Habían entrado allí a jugar. El juego era simple: Marcos escribía, por ejemplo, No hay ambulatorios para los pájaros que van a África. Si Roma veía algún elemento que no le gustaba, lo borraba con la goma. Después introducía alguna novedad, que podía ser Los pájaros que van a África no necesitan tarjetas de crédito. Había veces, sin embargo, en las que la frase quedaba totalmente desfigurada; tal como Los pájaros no necesitan subvenciones del gobierno para llegar a África. Entonces era Roma quien escribía la siguiente frase: Con las plumas de algunos pájaros que van a África se podrían hacer kleenex de lujo. Llegados a este punto, correspondía a Marcos usar la goma de borrar, pero frases así eran imposibles de corregir y lo que hacía era proponer una tercera: Habrá algún pájaro que se enamore de la hiena más fea de África. Roma entonces: Habrá algún pájaro que se enamore dela máquina de Coca-Cola de una calle de la ciudad de Nairobi. Pero Marcos: Habrá algún pájaro de los que vayan a África que tenga alergia a las máquinas de Coca-Cola de las calles de la ciudad de Nairobi y que prefiera quedarse mirando a una especie de lagartija que hace como que baila, encima de la arena o encima de una piedra.
Y viendo Marcos que el juego estaba totalmente echado a perder, cuando hacía Roma ademán de cambiar la frase, metía la goma de borrar entre dos botones de su blusa.
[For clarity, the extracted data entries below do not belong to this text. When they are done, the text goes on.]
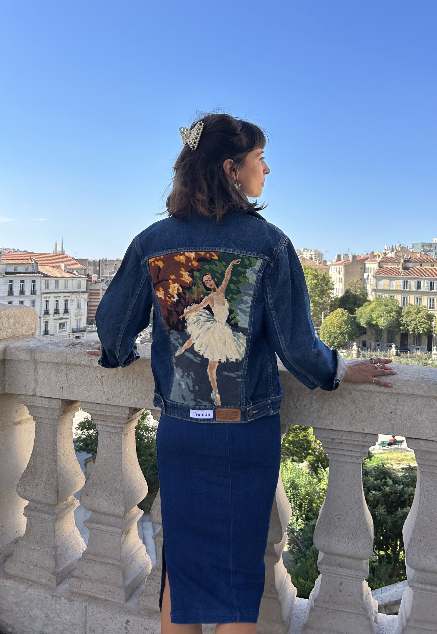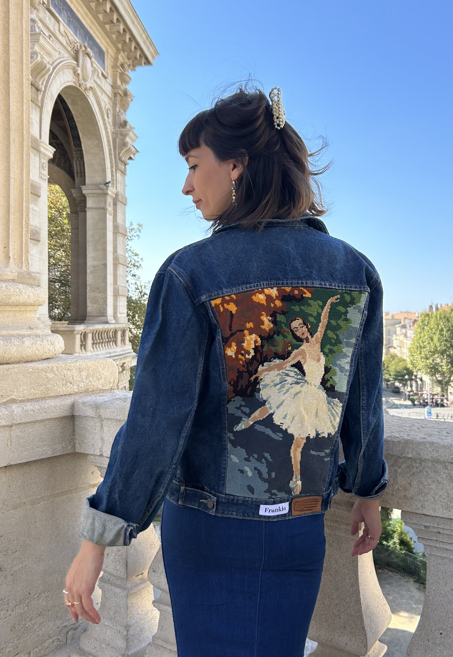 To be treasured, worn to a festival or everyday... Frankie. reworks vintage denim jacket with French tapestries into wearable soft cotton denim jackets. With a feature patch on the back and a cute single patch on the pocket.
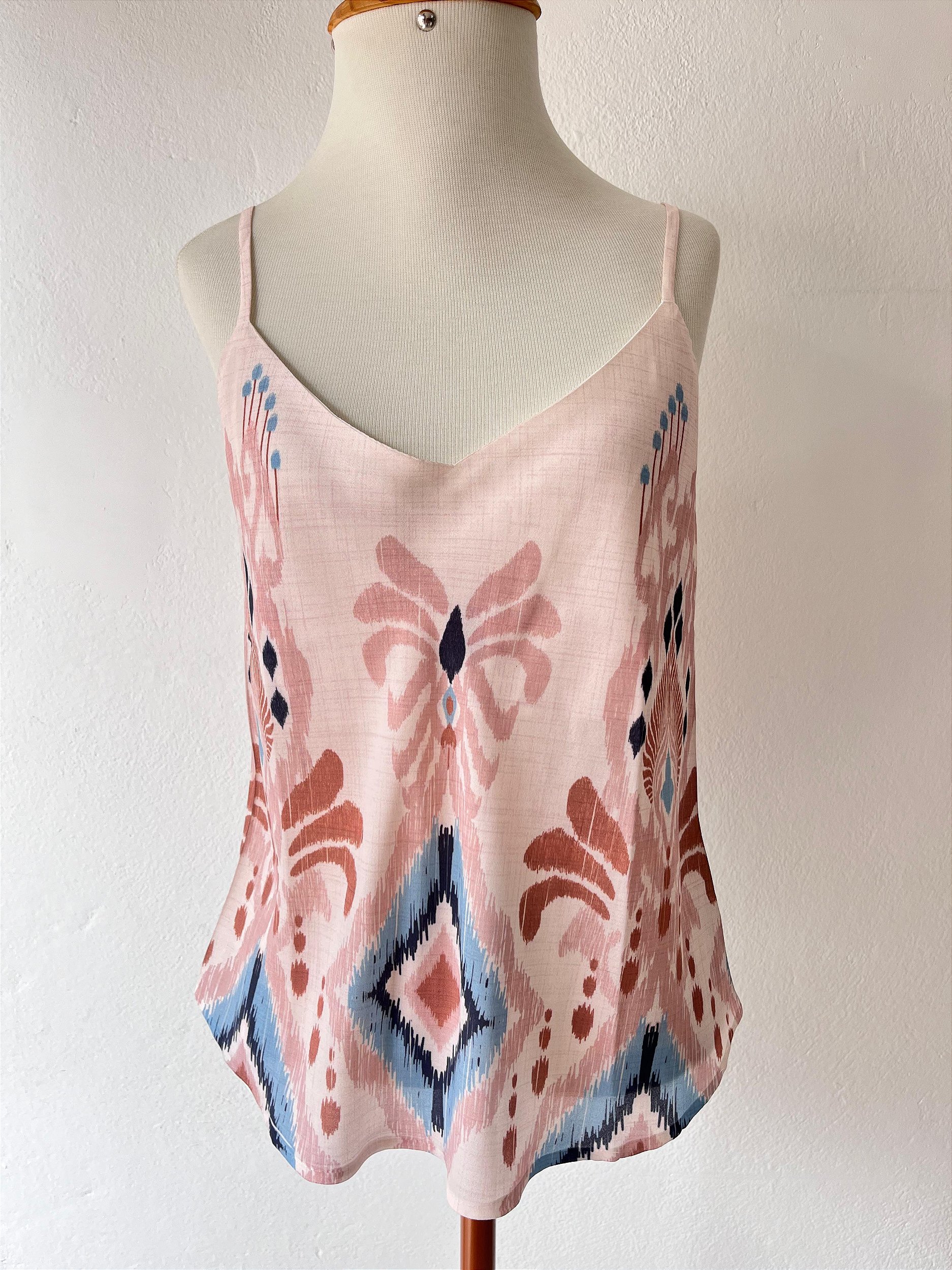 "Regata feminina em crepe de alta qualidade, com alças finas que proporcionam um toque de elegância e leveza. O destaque fica por conta da estampa exclusiva, perfeita para quem busca um look moderno e diferenciado. Ideal para dias mais quentes, essa peça combina conforto e estilo, sendo versátil para diversas ocasiões. Disponível em diferentes tamanhos, é uma escolha indispensável para quem quer estar na moda com sofisticação.
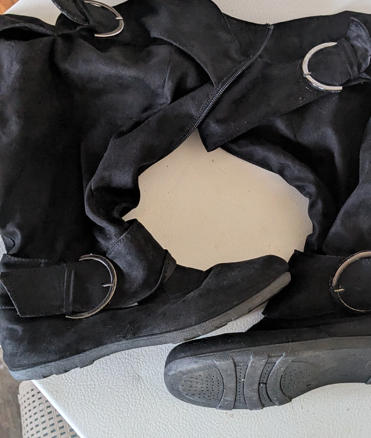 Black suede knee-high boots with buckle detail. One boot has a zipper up the back. The other boot has a buckle detail at the front. Boots have a wedge heel.
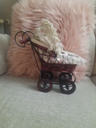 Pequeño carrito de muñecas, ideal para Barriguitas o Jesmarin. - Diseño vintage. - Ruedas de madera. - Capota de encaje blanco.
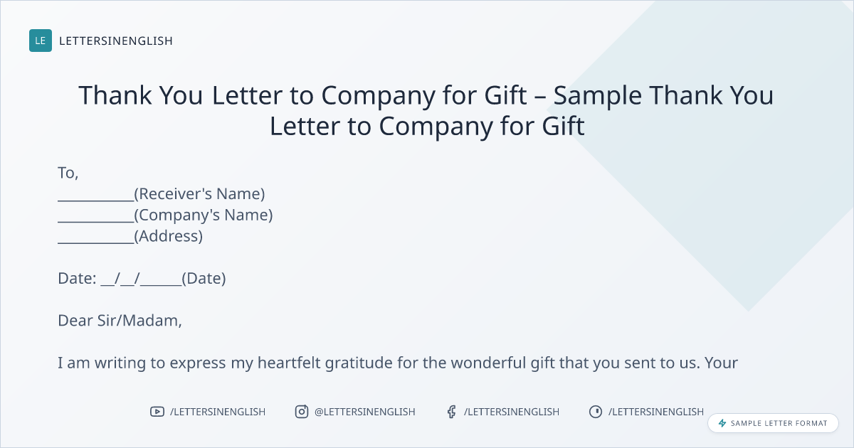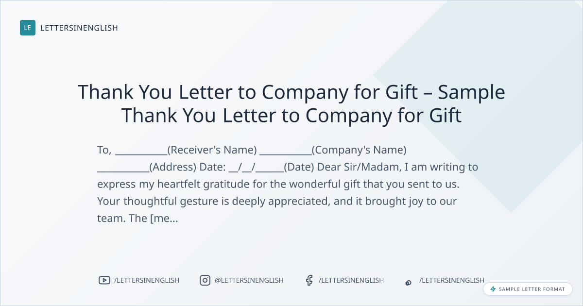 Thank You Letter to Company for Gift – Sample Thank You Letter to Company for Gift
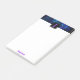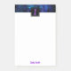 Shades of blue and hints of purple are highlighted over a black background along the notepad top. The combination sets off the black square plate with a purple initial letter monogram that you personalise. Change the monogram letter and name in the template fields.
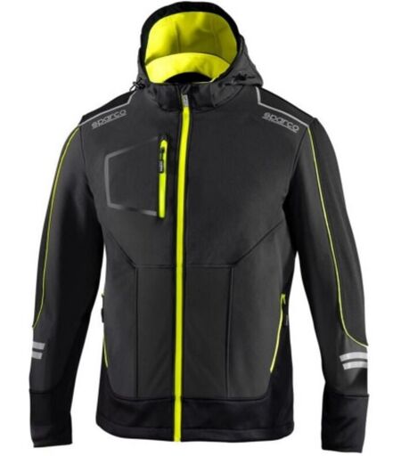 SPARCO York tech soft shell taille xxxl veste gris fonce'/jaune fluo veste de travail d'hiver avec capuche amovible, inserts de renfort et bandes
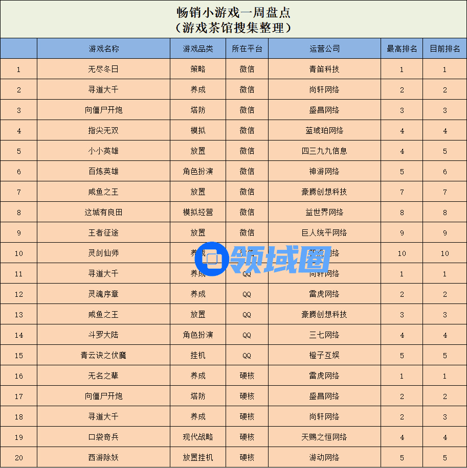 硬核小游戏畅销榜单中,三七互娱旗下的另一款“开箱子like”《无名之辈》登顶,《向僵尸开炮》和《寻道大千》紧随其后位列榜单第2和第3名,同时,放置挂机玩法的《西游除妖》本周也冲上了硬核小游戏畅销榜单前列,且其当前位于榜单第5名。
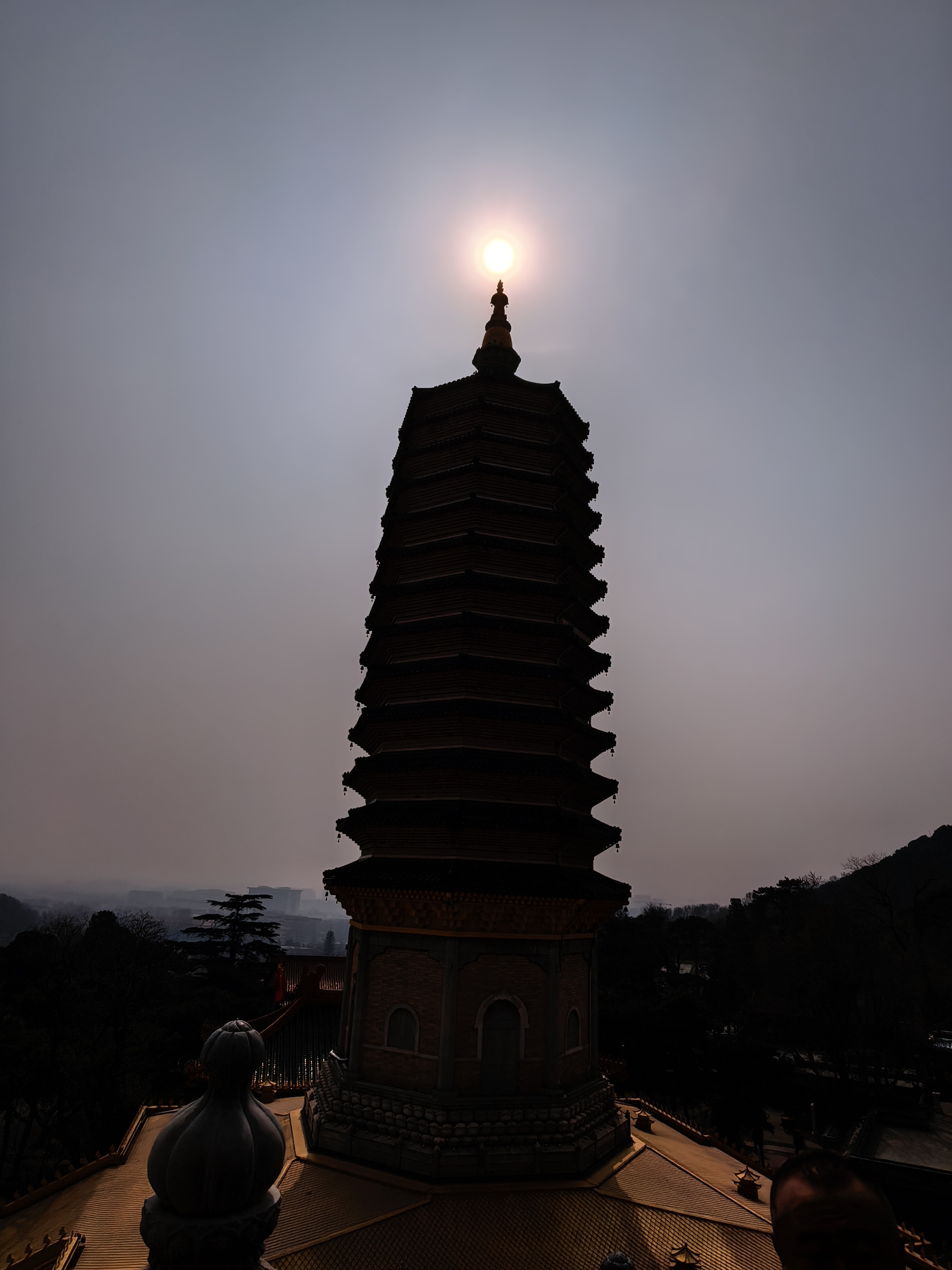 转过一个弯,塔尖便从树梢后露了出来。春日的阳光正好打在塔身的上半部分,绿色的琉璃瓦泛着温润的光,金色的塔刹在蓝天下格外醒目。等我走到塔前的平台上,才真正被这景象震撼——太阳恰好移到了塔顶的正上方,从这个角度看过去,塔尖仿佛顶着一轮金色的光轮,光芒从塔刹周围放射开来,整座塔都被笼罩在一层柔和而庄严的光晕里。春分过后,太阳的轨迹渐渐北移,恰在这一刻与塔尖形成了奇妙的呼应,仿佛是天地间一场无声的对话。

Y Roma hurgaba en el ombligo de Marcos.
Etcétera.
Rosario vivía sola desde que su hijo se mató en una pista de tenis y su hija había ido a casarse a la isla de Man. Aún más sola se sentía desde que se enfadó con los vecinos de arriba, con María y con Lucas (sobre todo con María), hacía ocho años. Sabía en todo momento, sin embargo, cualquier cosa que hicieran Lucas y María. Supo que estuvieron en el hospital y por qué, supo que María se cayó por las escaleras, supo que metieron en casa a un maleante. Y, cómo no, también sabía que aquel día, Nochevieja, tenían una invitada. Una chica pelirroja, la hija del dentista.
Y mientras comía un trozo de merluza que llevaba ciento diecisiete días en el congelador, Rosario escuchó palabras suaves en el piso de arriba, y un par de risas; después escuchó una discusión en tonos azules y grises, carcajadas, gritos con bufanda, más risas. Y cuando Rosario estaba masticando el segundo mazapán, se oyó una guitarra, y canciones tolerables al principio, más vivas después y pronto canciones impuras, de mal gusto, anticlericales.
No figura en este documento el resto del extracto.